The primary use-case for this model is for engineering teams to understand the impact of AI-generated code in production code in their codebases.
mendeza
8 hours ago
I agree this would be a great tool for organizations to use to see impact of AI code in codebases. Engineers will probably be too lazy to modify the code enough to make it look less AI. You could probably enhance the robustness of your classifier with synthetic data like this.

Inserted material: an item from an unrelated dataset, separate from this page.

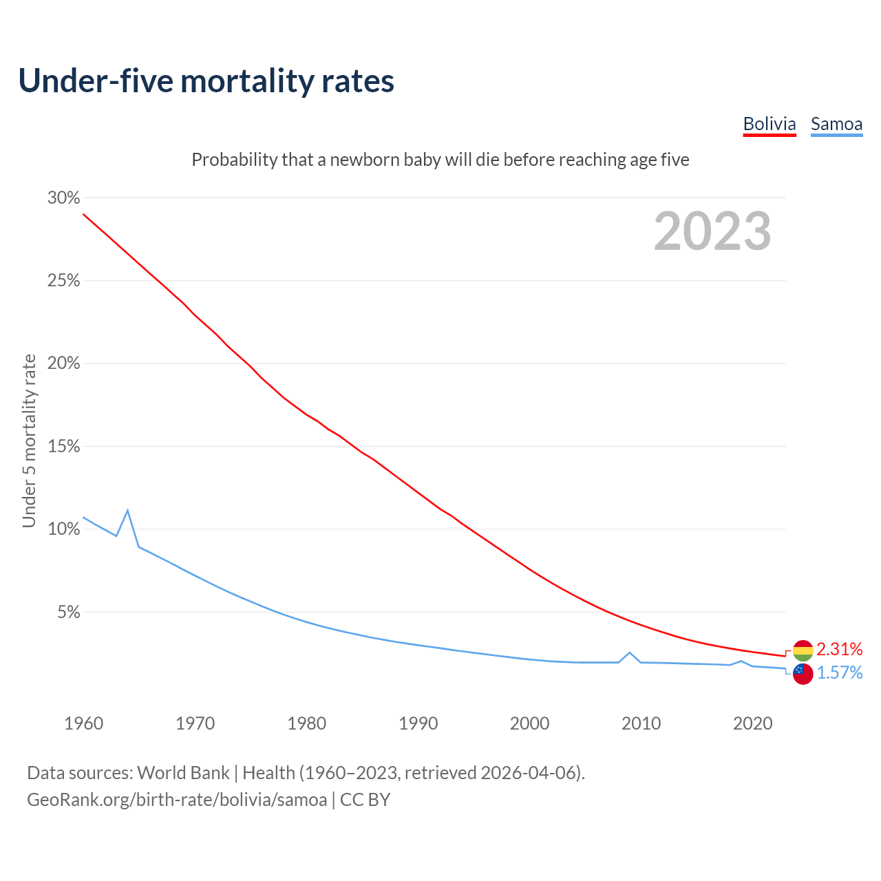 The chance that a newborn baby will die before reaching age five is 2.31% in Bolivia and 1.57% in Samoa. Above is a chart with historical data on under-five mortality rates.
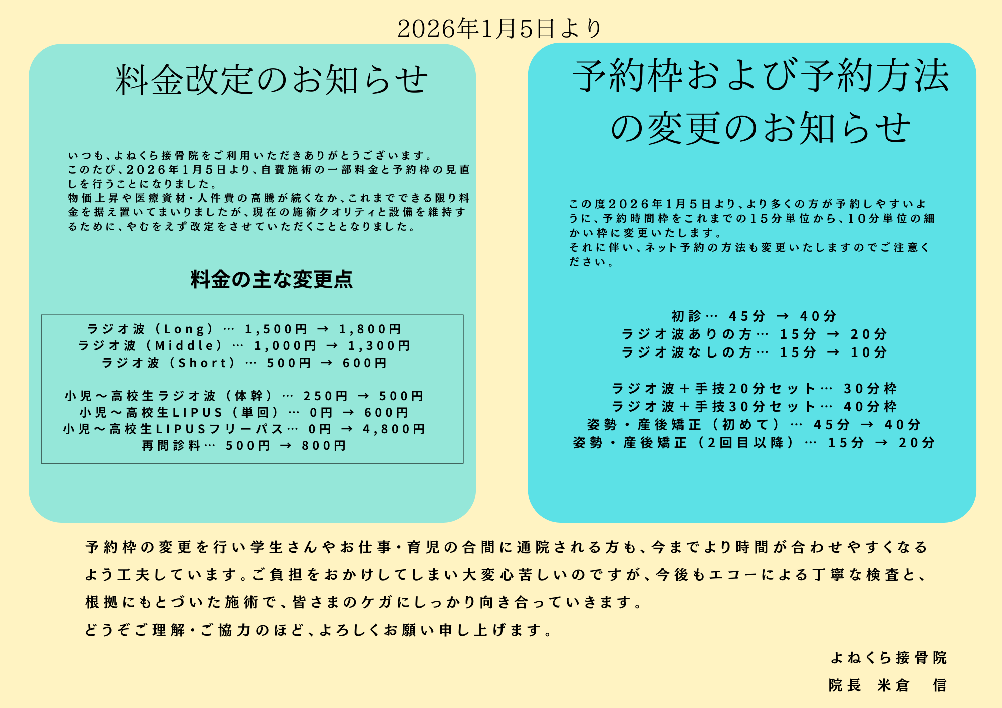 - 2025-12-11 2026年1月5日からの料金改定および予約枠変更のお知らせ

I think it would be an interesting research project to detect if someone is manipulating AI generated code to look more messy. This paper https://arxiv.org/pdf/2303.11156 Sadasivan et. al. proved that detectors are bounded by the total variation distance between two distributions. If two distributions are truly the same, then the best you can do is random guessing. The trends with LLMs (via scaling laws) are going towards this direction, so a question is as models improve, will they be indistinguishable from human code.
Be fun to collaborate!
runako
7 hours ago
The primary point of distinction that allows AI generation to be inferred appears to be that the code is clean and well-structured. (Leave aside for a moment the oddity that this is all machines whose primary benchmarks are human-generated code written in a style that is now deemed too perfect to have been written by people.)
Does that provide an incentive for people writing manually to write worse code, structured badly, as proof that they didn't use AI to generate their code?
Is there now a disincentive for writing good code with good comments?
nomel
8 hours ago
On HN, indent four spaces for code block, blank line between and text above.
Like
This
mendeza
8 hours ago
I appreciate the feedback! I just updated to have the 4 space indentation.